MOPEB272

Title

The impact of vorinostat and AGS-004, a dendritic cell-based immunotherapy, on persistent HIV-1 Infection

Presenter

David M. Margolis

Authors

C. Gay^1,2, J.D. Kuruc^1,2, S.D. Falcinelli^1,3, J. Warren³, J.L. Kirchherr¹, K. Sholtis¹, B. Allard¹, E. Stuelke¹, A. Gamble⁴, A. Plachco⁴, I. Tcherapanova⁴, J.J. Eron^1,2, N. Goonetilleke^1,3, M. DeBenedette⁴, C.A. Nicolette⁴, N.M. Archin^1,2, D.M. Margolis^1,2,3

Institutions

¹UNC Chapel Hill HIV Cure Center, Chapel Hill, United States, ²UNC Chapel Hill School of Medicine, Department of Medicine, Chapel Hill, United States, ³UNC Chapel Hill School of Medicine, Department of Microbiology & Immunology, Chapel Hill, United States, ⁴Argos Therapeutics, Durham, United States

Background: Approaches to deplete the reservoir of HIV infection are needed. We investigated the impact of the combination of the latency reversing agent vorinostat (VOR) and AGS-004, an autologous dendritic cell immunotherapeutic, on the HIV reservoir.
Methods: 13 HIV+ individuals stably suppressed on antiretroviral therapy were screened for increased resting CD4+ T cell-associated HIV RNA (rca-RNA) after VOR exposure in vitro, and then after VOR dosing in vivo. AGS-004 was produced for 5 VOR responders using autologous dendritic cells co-electroporated with RNA expressing autologous HIV antigens and CD40 ligand. AGS-004 was administered every 3 weeks for 4 doses, followed by 10 oral doses of VOR 400 mg every 72 hours. Participants repeated the cycle of AGS-004 and VOR following a rest period. VOR exposure was validated by measuring expression of HDACi-responsive genes in vivo. HIV-specific T cell responses were measured by multiparameter flow cytometry and ELISPOT assays. Low-level HIV viremia was measured bya single-copy assay (SCA). rca-RNA and the frequency of resting CD4+
T-cell infection (RCI) was measured by quantitative viral outgrowth assay at baseline and after each cycle.
Results: No serious treatment-related adverse events were observed.
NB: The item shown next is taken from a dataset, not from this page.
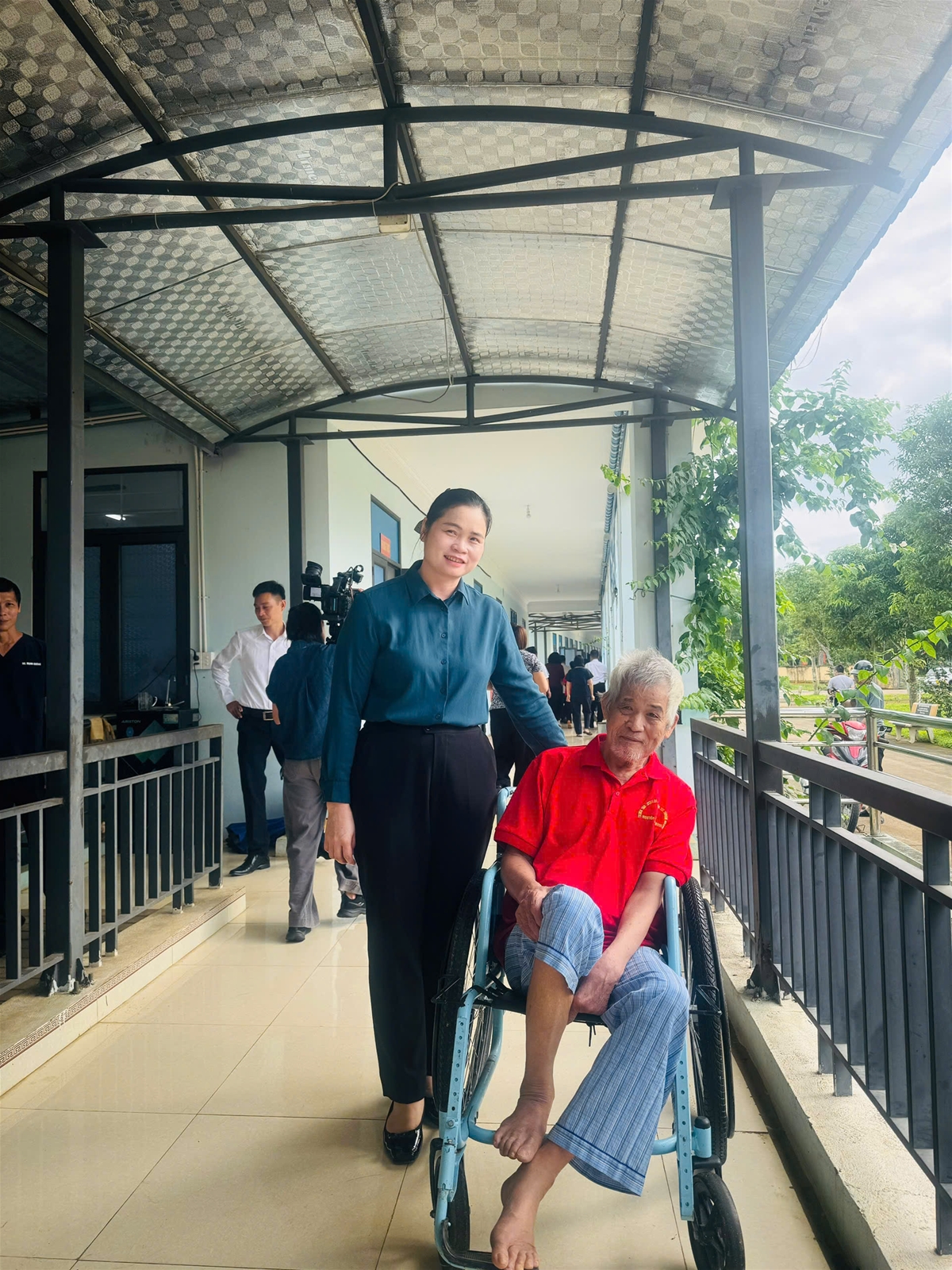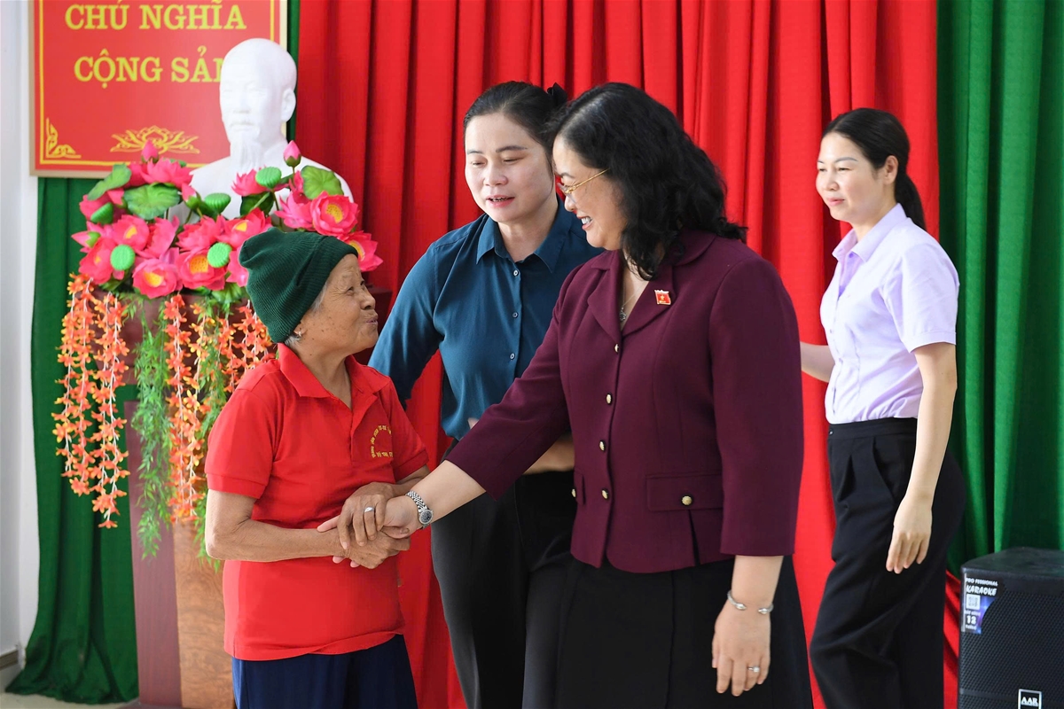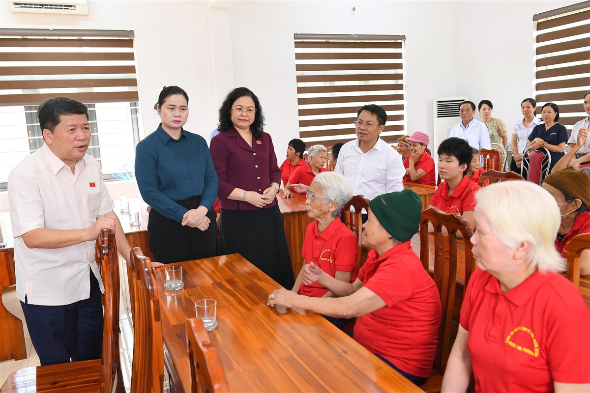Đại biểu Quốc hội Lò Thị Việt Hà và Ma Thị Thuý thăm hỏi người cao tuổi ở Trung tâm Công tác xã hội và Quỹ Bảo trợ trẻ em tỉnh

HDACi responsive genes increased (HF10 and IRGM) or decreased (PHF15, PRM10) with VOR dosing. rcaRNA decreased significantly two (VV01 and VV02) participants, and a significant decrease in SCA was observed in VV02. However, unlike other cohorts dosed with AGS-004 HIV-specific T cell responses to the AGS-004 antigen payload increased only in VV02. And no uniform increase was seen in ex vivo ELISPOT to AGS-004-delivered antigens. Finally, there was no reproducible decline of RCI of more than 50% in any participant.
Conclusions: The combination of AGS-004 and VOR was safe and well tolerated. Few participants showed a decrease in rca-HIV RNA, but no substantial impact on the replication competent reservoir was measured. Surprisingly, the induction of HIV-specific immune responses by AGS-004 was marginal and inconsistent across all participants. These results differ from what has been reported for AGS-004 elsewhere. It seems likely that more efficacious antiviral immune interventions and perhaps more effective latency reversal agents must be developed to allow clearance of persistent HIV infection.